If you take back your receipt you will be reimbursed in full


----------



## DeeFox (12 Apr 2010)

I used the self scanner recently and they charged me €7.80 for something that should have cost €4 - I went to customer service and they gave me back €7.80 very quickly.  More than fair!


----------



## aidanh (13 Apr 2010)

DeeFox said:


> I used the self scanner recently and they charged me €7.80 for something that should have cost €4 - I went to customer service and they gave me back €7.80 very quickly.  More than fair!



I learnt to my cost that you need to wait till after you have printed the receipt before pointing out the mistake.
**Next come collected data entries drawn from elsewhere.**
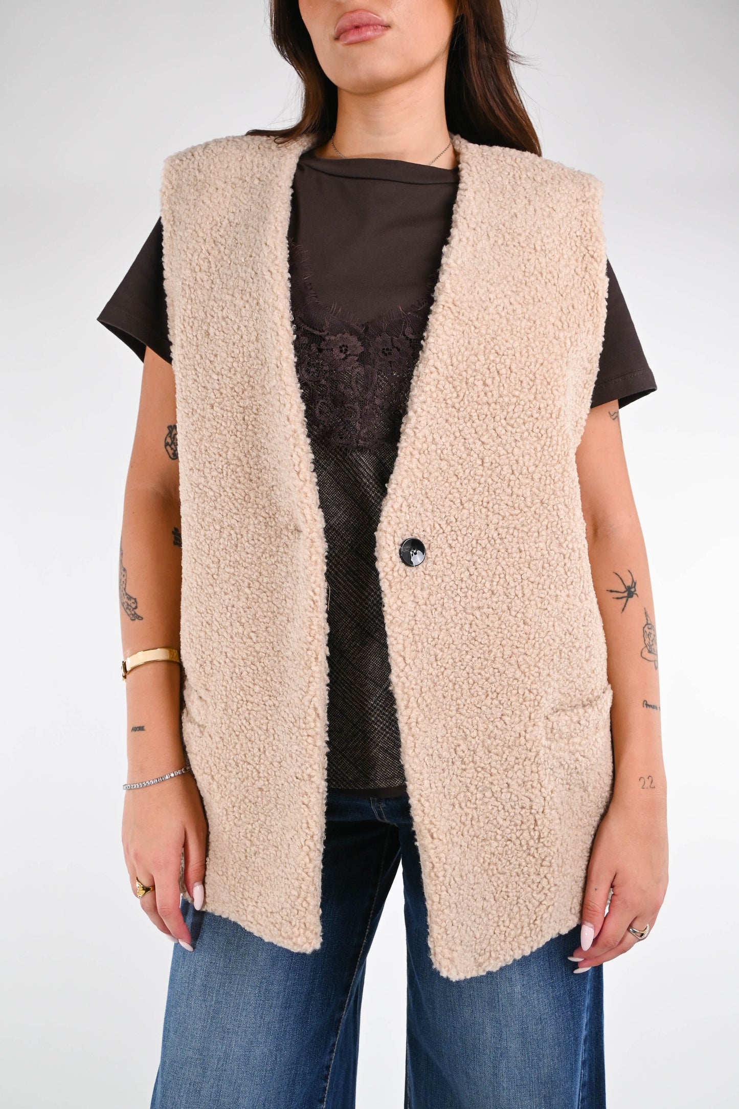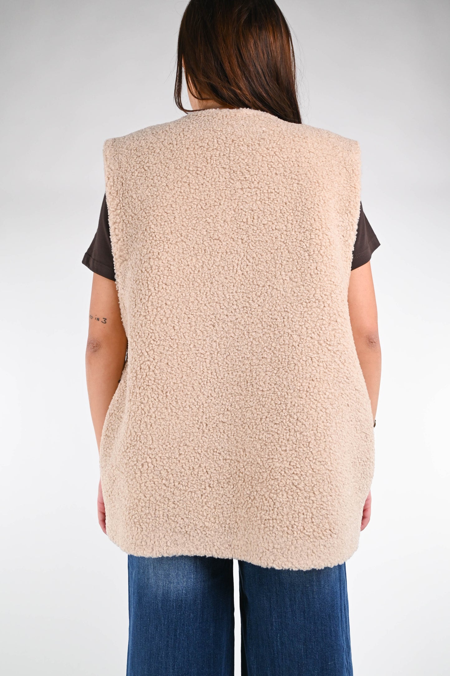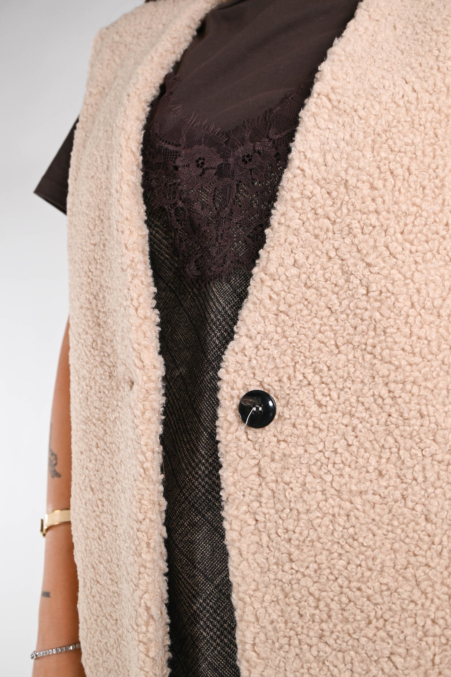Gilet teddy over, un bottone, con fodera interna, con tasche, colore Cammello
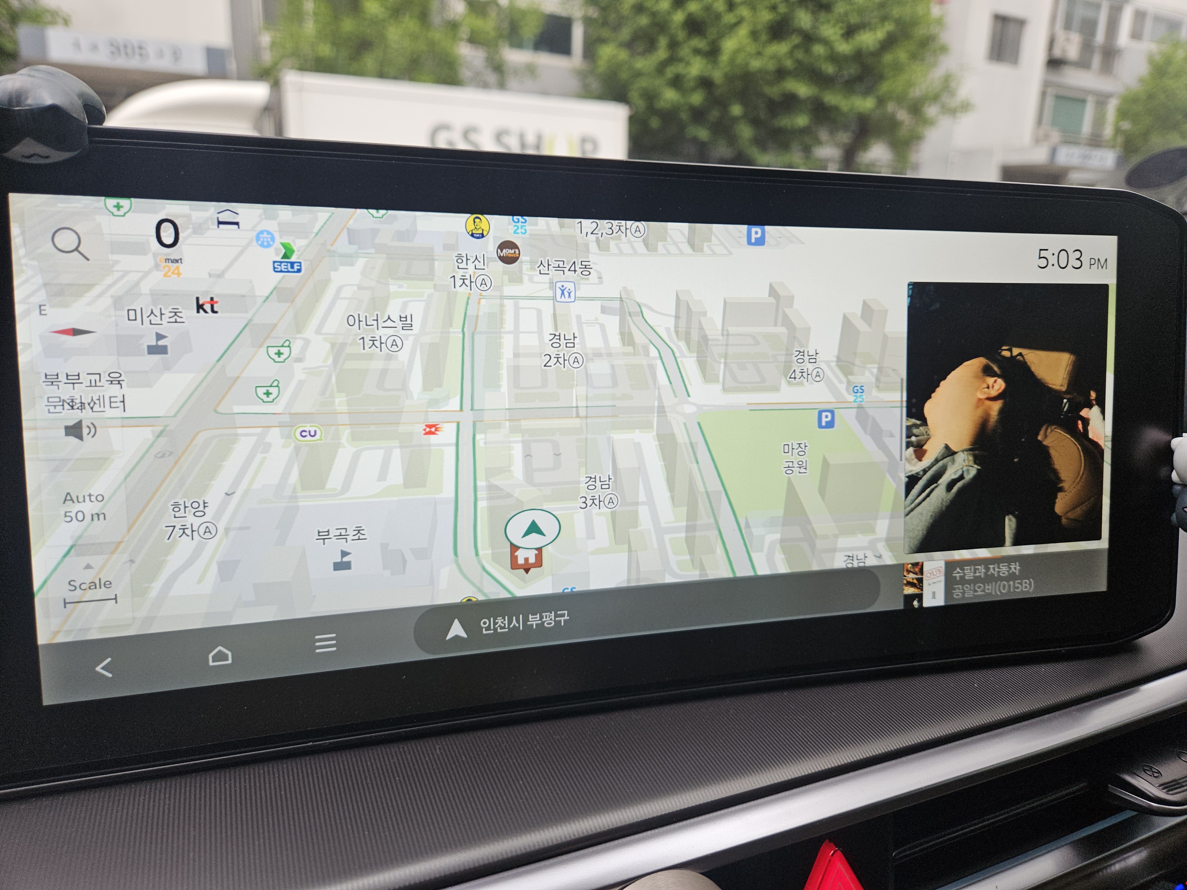 주행 중에 네비를 켜면 이렇게 디지털 액자에 업로드된 사진을 보면서 포근한 주행을 할 수 있습니다.
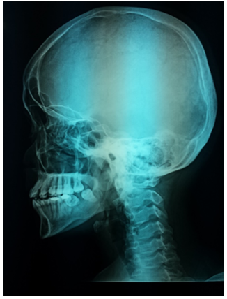 Figure 6 Lateral skull X-ray shows effacement (floating) of the teeth due to loss of alveolar lamina dura..
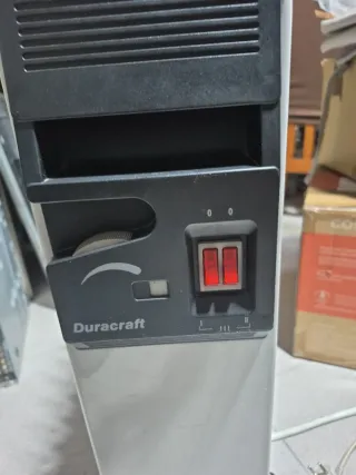 Estufa calefactora de aceite con un diseño moderno y funcional. Ideal para mantener tu hogar cálido.lo único que no le funciona el regulador - Ruedas para fácil movilidad. - Compartimento para guardar el cable. - Incluye manual de instrucciones.
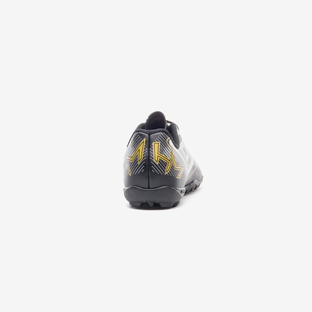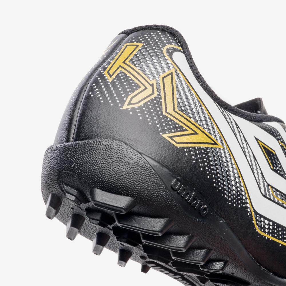 Chuteira Society Umbro Heatmap Jr: A Escolha Ideal para Jovens JogadoresSe você está em busca de uma chuteira que combine estilo, conforto e desempenho, a Chuteira Society Umbro Heatmap Jr é a escolha perfeita para jovens atletas. Com um design moderno e inovador, este modelo é ideal para jogadores iniciantes que desejam se destacar em campo.Design Moderno e AtraenteO visual da Chuteira Umbro Heatmap Jr é um dos seus grandes diferenciais. Com um grafismo que simula um mapa de calor, esta chuteira não só oferece uma aparência contemporânea como também reflete a energia e a paixão do futebol. O Diamante Umbro centralizado e as letras HM em destaque na parte traseira garantem um toque de autenticidade e estilo.Conforto InigualávelO conforto é essencial para um bom desempenho em campo. A palmilha interna da Chuteira Heatmap Jr é feita em EVA forrado em tecido, proporcionando uma maciez que permite longas horas de jogo sem desconforto. Assim, os jovens jogadores podem se concentrar em suas habilidades e no jogo, sem se preocupar com o calçado.Atributos do Produto Marca: Umbro Modelo: U07FB00336 Cor: Preto, Branco, DouradoDesempenho Superior em CampoO solado da Chuteira Society Umbro Heatmap Jr é projetado para oferecer o máximo de tração e estabilidade. Fabricado em material PVC, ele conta com um sistema de travas em barra e chevron, que proporciona uma aderência eficaz em superfícies de futebol society. Isso garante que os jovens jogadores possam se movimentar com agilidade e confiança durante os jogos.ConclusãoA Chuteira Society Umbro Heatmap Jr é a combinação perfeita de estilo, conforto e desempenho, ideal para jovens jogadores que estão começando sua jornada no futebol. Com um design inovador e recursos que promovem o bem-estar e a performance, essa chuteira é uma escolha inteligente para quem deseja se destacar em campo.Não perca a oportunidade de elevar o seu jogo! Adquira agora a sua Chuteira Society Umbro Heatmap Jr e experimente a diferença que um bom calçado pode fazer!
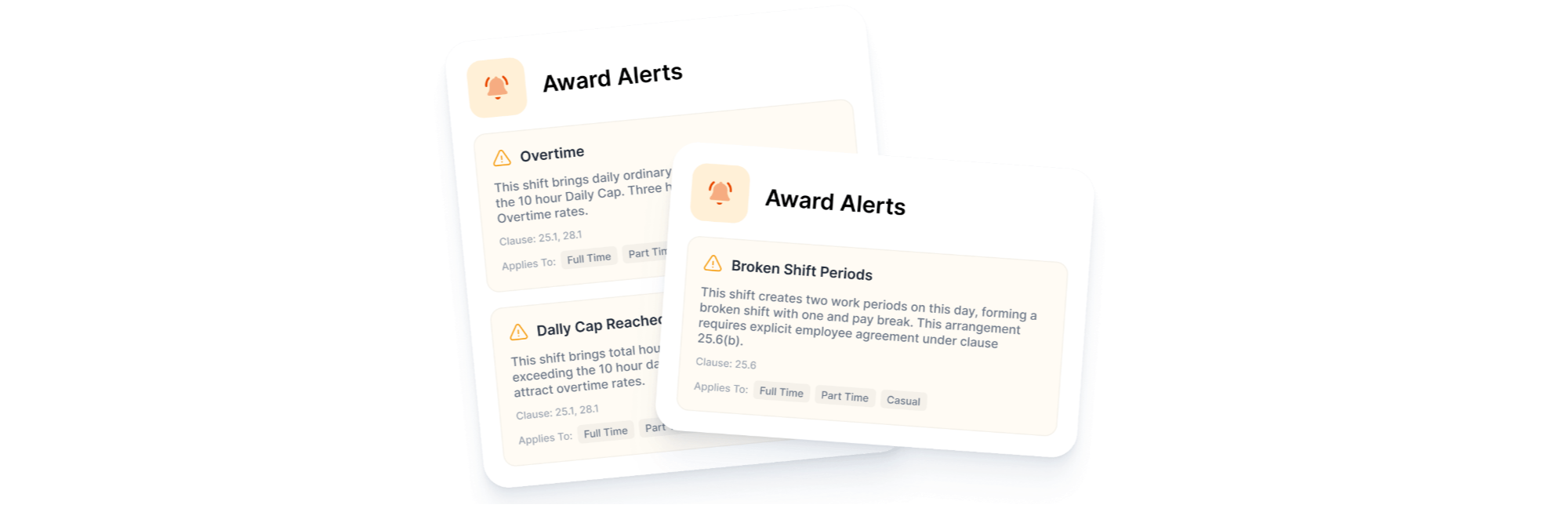 SCHADS award compliance built in — not as an add-on, not as a report you run after the fact, but as real-time alerts that stop issues before they become payroll problems
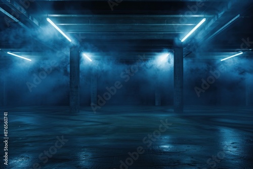 Blue Neon Lit Underground Garage
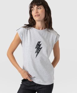 A classic, comfortable crew neck tee in grey with rock and roll print detail. Designed for a relaxed, easy fit and with signature button detail on the shoulders. Each one is handmade in Europe using the softest eco viscose fabric for the perfect fit and feel that’s true to size. Pair it with jeans, leggings or skirts on warmer days.

If you point it out before checking out, you have to pay the correct price, but if you point it out when you have a receipt, you will be refunded the entire price.


----------



## Angies (16 Apr 2010)

Was in today and got my full refund so delighted with that. While i was getting my refund somebody else was getting a refund for a toy they bought advertised as 19.99 but which she was charged 24.99 for so im sure she was delighted with her money back. Really really worth checking your receipts!


----------



## mcaul (17 Apr 2010)

Its actuallty a cheap way for tesco to check that all the shelf pricing matches the tills - with about 30,000 products it would take a huge number of man hours to check everything is 100% correct all the time, so the incentive to give you a full refund means the customer does the checking for them and is rewarded with the free product.

so don't think twice about bringing errors to their attention - they want you to do it.

win win


----------



## sunnygirl (19 Apr 2010)

*always check reciept before leaving store*

I never leave my local Tesco Extra store without checking my receipt.
There is a very high chance you will have been overcharged for something. Previously, I used bring the receipt home & check there but then I would be annoyed at having to return to store because of overcharge. Now i find its just easier if I check before leaving store, although I often have to queue then at Customer Services to get money back, so theres quite a bit of overcharging going on !


----------



## mf1 (19 Apr 2010)

sunnygirl said:


> I never leave my local Tesco Extra store without checking my receipt.
> There is a very high chance you will have been overcharged for something. Previously, I used bring the receipt home & check there but then I would be annoyed at having to return to store because of overcharge. Now i find its just easier if I check before leaving store, although I often have to queue then at Customer Services to get money back, so theres quite a bit of overcharging going on !



I think I would just shop elsewhere! 

mf


----------



## Angies (19 Apr 2010)

Im quite to "work" for tescos in this way! Was very tempted to go and buy the toy the lady was getting a refund on when i was there but my neck just wasnt that brassy!


----------